Selbstverständlich sind sozial schwächere Jugendliche und deren Familien besonders betroffen. Die meisten 18-Jährigen verfügen nicht über ausreichend finanzielle Mittel, um sich ein eigenes Auto leisten zu können. In unserem alpinen Gelände kann der öffentliche Nahverkehr die individuelle Mobilität zwar ergänzen, aber nie ersetzen. Autos sind also für viele junge Menschen unverzichtbar, um beispielsweise ihren Ausbildungsplatz zu erreichen oder ihrer Arbeit nachzugehen. Oft sehen sich die Eltern also dazu gezwungen, einzuspringen und ein Fahrzeug für den Sohn oder die Tochter anzukaufen, mit dem sie als Fahranfänger auch fahren dürfen, obwohl in der Familie oftmals bereits ein Auto vorhanden ist, das gemeinschaftlich genutzt werden könnte. Wer einen Neuwagen kauft, um ihn nur kurze Zeit später gegen ein leistungsstärkeres Modell einzutauschen, verliert aufgrund des schnellen Wertverfalls jede Menge Geld. Hinzu kommt die viele und kostspielige Bürokratie, die bei der Zulassung und Umschreibung der Fahrzeuge entsteht.

Wie passt diese Regelung zu den langfristigen Zielen für umweltfreundlichere Mobilität? Könnte sie diese Ziele sogar behindern?

Diese Regelung steht im glatten Widerspruch zum Leitprinzip des Umweltschutzes und des nachhaltigen Umgangs mit Ressourcen, welches der Politik in sonst so vielen Bereichen als Richtschnur dient, da sie vielfach dazu führt, dass dort ein zusätzliches Fahrzeug angekauft wird, wo bereits ein Auto vorhanden ist und von der Familie gemeinschaftlich genutzt werden könnte.

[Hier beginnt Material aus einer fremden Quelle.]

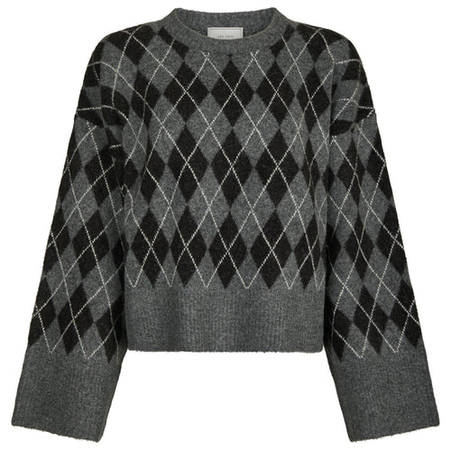 NEO NOIR Allestar Check Knit Cardigan Beige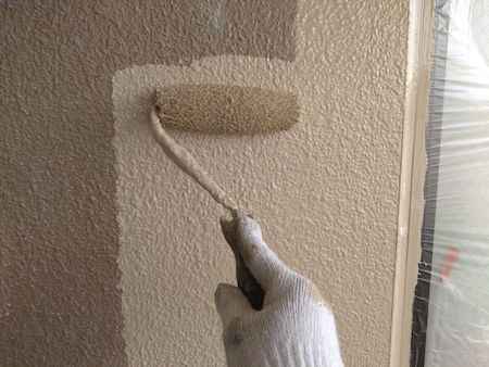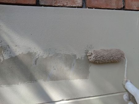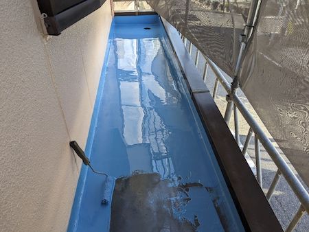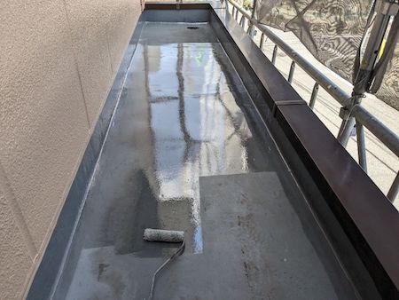 液体状のウレタン樹脂を塗り重ねて水を通さない防水層を形成します。密着をよくするためのプライマーを塗布していきます。

Was müsste Ihrer Meinung nach passieren, damit diese Regelung geändert oder abgeschafft wird? Planen Sie dazu bestimmte Aktionen oder Kampagnen?

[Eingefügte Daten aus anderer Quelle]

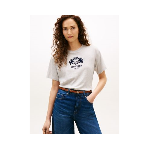 Tommy Hilfiger women's T-shirt. This tee is cut in an easy fit and designed with a preppy Hilfiger crest logo. Made from pure cotton jersey, it's a soft, comfortable layer.

Wir Freiheitliche haben in den vergangenen Jahren immer wieder auf die Problematik aufmerksam gemacht und das Thema auch in den Landtag gebracht. Nachdem wir es mit einem Staatsgesetz zu tun haben, muss in Rom eine Lösung gefunden werden. Die Südtiroler Parlamentarier in Rom sind dazu aufgefordert, umgehend bei der Regierung Meloni zu intervenieren, um eine Verlängerung dieser nachteiligen Beschränkung auf drei Jahre abzuwenden und darüber hinaus deren Abschaffung einzufordern. Wir werden dahingehend weiterhin Druck ausüben. Junge Menschen und deren Familien dürfen nicht länger unnötig belastet werden.